By: Louis Charbonneau

UNITED NATIONS – The man expected to replace Kofi Annan as the U.N.-Arab League mediator on Syria, Lakhdar Brahimi of Algeria, on Friday urged world leaders to overcome their differences on a 17-month-old conflict that is descending deeper into full-scale civil war.

“The U.N. Security Council and regional states must unite to ensure that a political transition can take place as soon as possible,” Brahimi said in a statement published on the website of The Elders, an independent group of global leaders committed to peace and human rights.

“Millions of Syrians are clamoring for peace,” Brahimi said. “World leaders cannot remain divided any longer, over and above their cries.”

It is Brahimi’s first public statement on Syria since diplomats told Reuters on Thursday that U.N. Secretary-General Ban Ki-moon was expected to name the veteran Algerian diplomat as early as next week to replace Annan.

Annan, a former U.N. secretary-general and Nobel Peace Prize laureate, said he would step down on Aug. 31 because he was not able to carry out his job with the U.N. Security Council’s veto powers hopelessly divided and deadlocked.

There are no signs that Brahimi will get his wish anytime soon, if at all. The divisions on the Security Council – above all the split between the United States and Russia – run deep.

Russia, with the aid of China, has vetoed three resolutions criticizing and threatening sanctions against Damascus for its 17-month attempt to use military force and heavy arms to crush an increasingly militant opposition. One senior Western envoy said more than 20,000 people have been killed by Assad’s forces.

Washington, U.N. diplomats said, saw little point in replacing Annan since Moscow continues to support Syrian President Bashar al-Assad and opposes sanctions intended to pressure Damascus into halting the violence.

It also believes the deadlocked Security Council cannot play a constructive role in the conflict and intends to bypass it in the future.

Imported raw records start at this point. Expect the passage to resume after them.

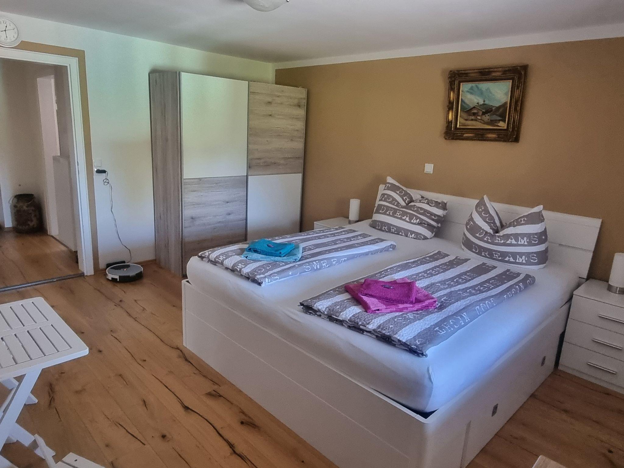 Die FeWo verfügt über 3 separate Schlafzimmer (24 qm/23 qm/16 qm) mit je einem Doppelbett. Das größte Zimmer verfügt über ein Bad en Suite mit Whirlpool und eigenem Zugang zur Sauna (gegen Gebühr, Handtücher für die Sauna müssen selbst mitgebracht werden). Den anderen Zimmern steht ein Duschbad zur Verfügung. Im mittelgroßen Zimmer lädt ein Südbalkon mit traumhaften Bergblick zum Erholen und Entspannen ein.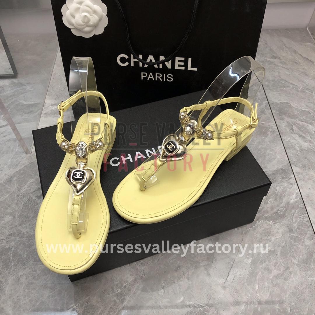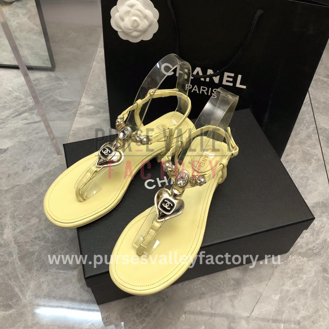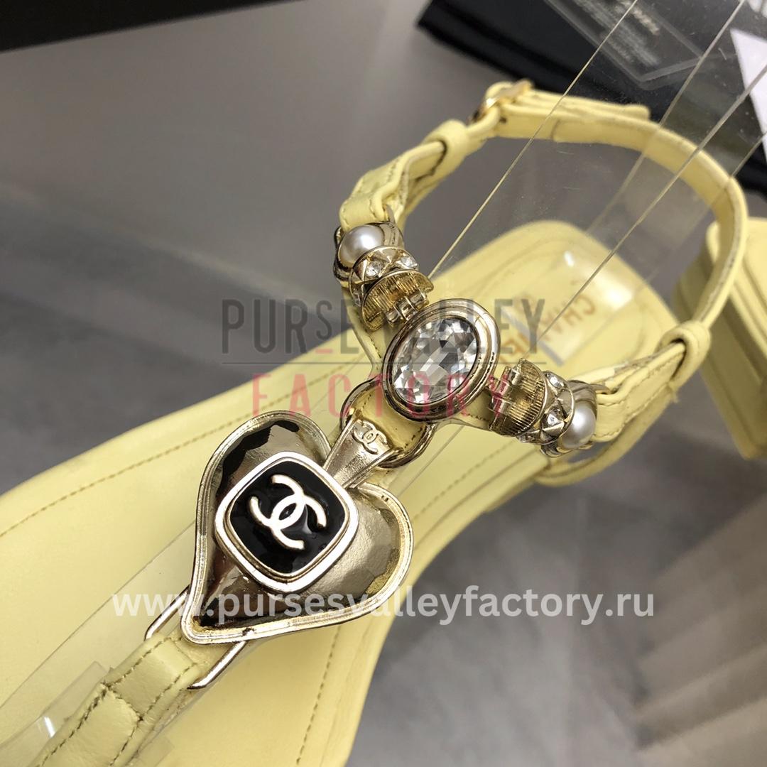- Embrace sunshine radiance with these radiant CHANEL Sandals in a vibrant shade of buttercup yellow.** Crafted from a blend of smooth and textured lambskin, they boast a chunky silhouette with a comfortable square toe and a buckled ankle strap. The iconic Chanel double C logo, playfully crafted from metallic beads, adds a touch of shimmering brilliance to the sunny backdrop.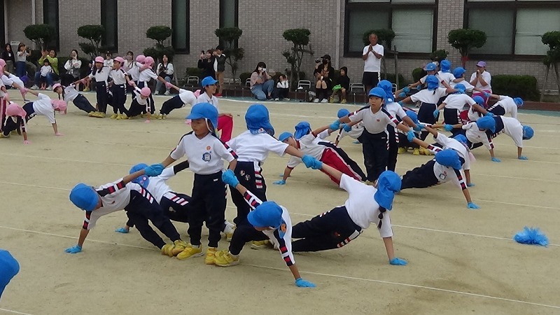 そして、組体。何とスピード感のある組体だったことか、こんなに早く動いて形を作れるものか・・・この年代の子どもたちのなせる業は素晴らしいと感心せずにはおれません。カメラマンさんも右往左往。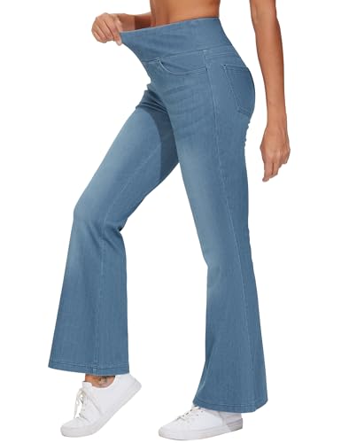 THE GYM PEOPLE Women's Wide Leg Trousers High Waisted Stretchy Tummy Control Flared Jeans Pull on Bell Bottom Jeggings with Pockets Denim Blue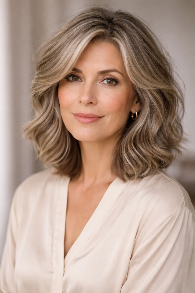 A layered lob offers the perfect balance between short and medium length. It provides volume, movement, and versatility, making it ideal for women over 50. The layers prevent the hair from looking flat and lifeless.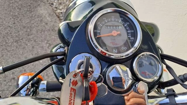 Die Bullet 500 Classic pur mit Langhubmotor und entsprechend Drehmoment mit TÖFF TÖFF{{{ }}} Erstinbetriebname 04.2017 (bei Hdl nur Tageszulassung){{{ }}} Gepäckträger chrom{{{ }}} Sturzbügel chrom{{{ }}} Handlinierte Decorstreifen{{{ }}} Top-CaseWir sind seit 25 Jahren Motorradhändler für SUZUKI und seit 23 Jahren Royal Enfield Hdl., und somit einer der Langjährigsten RE Hdl. mit Erfahrung in Deutschland.Versand Deutschlandweit mit unseren Partner Speditionen.Gerne nehmen wir Ihre Gebrauchte in Zahlung, und bieten Ihnen über unsere Suzuki Finance günstige Finanzierungen an.Bitte keine Anfragen wie: was ist Letzte Preis, oder was ist Preis für Export, bei uns bezahlen unsere Kunden vor Ort den selben Preis wie bei Export!Wir freuen uns über jede ernsthafte AnfrageAnfragen Besichtigungs oder Probefahrttermine unter 00491758363098

The administration of U.S. President Barack Obama is instead moving, albeit cautiously, to increase its backing for anti-Assad rebels.

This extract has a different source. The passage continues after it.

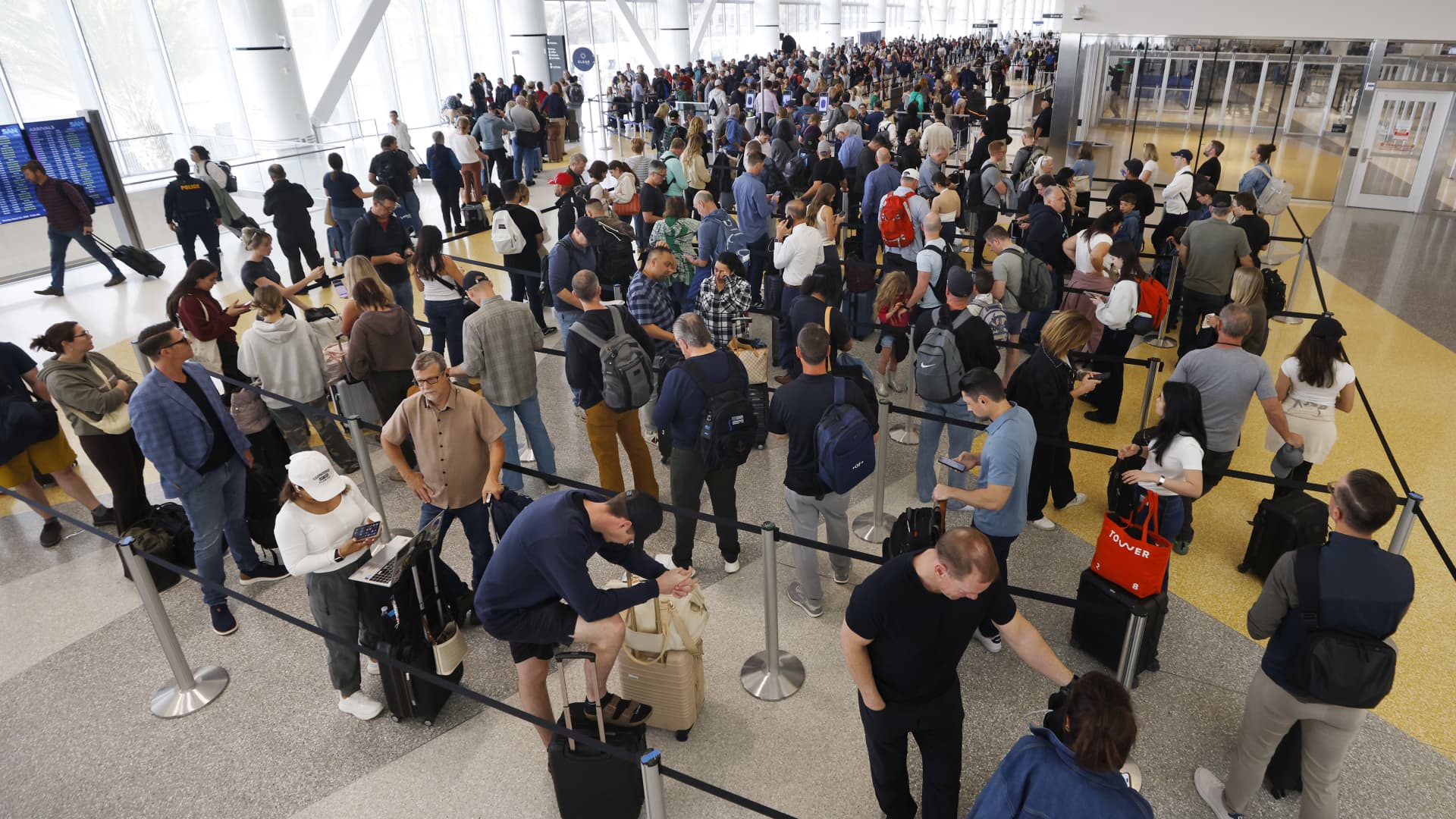 SAN DIEGO, CA – MARCH 23: Travelers wait in a long Transportation Security Administration (TSA) line that wraps around Terminal 1 at San Diego International Airport on March 23, 2026 in San Diego, California.

The United States blames Russia for undermining Annan’s attempts to secure a ceasefire and implement a six-point peace plan that was embraced by the government and rebels but never implemented.

Moscow, Syria’s chief ally and principal arms supplier, blames the United States, Qatar and Saudi Arabia for supporting Syrian rebels, including providing weapons. It also says Washington and its European allies on the Security Council have rejected “reasonable” proposals for resolving the conflict.

Brahimi, 78, has served as a U.N. special envoy in a series of challenging circumstances, including in Iraq after the U.S. invasion that toppled Saddam Hussein; in Afghanistan both before and after the end of Taliban rule, and in South Africa as it emerged from the apartheid era.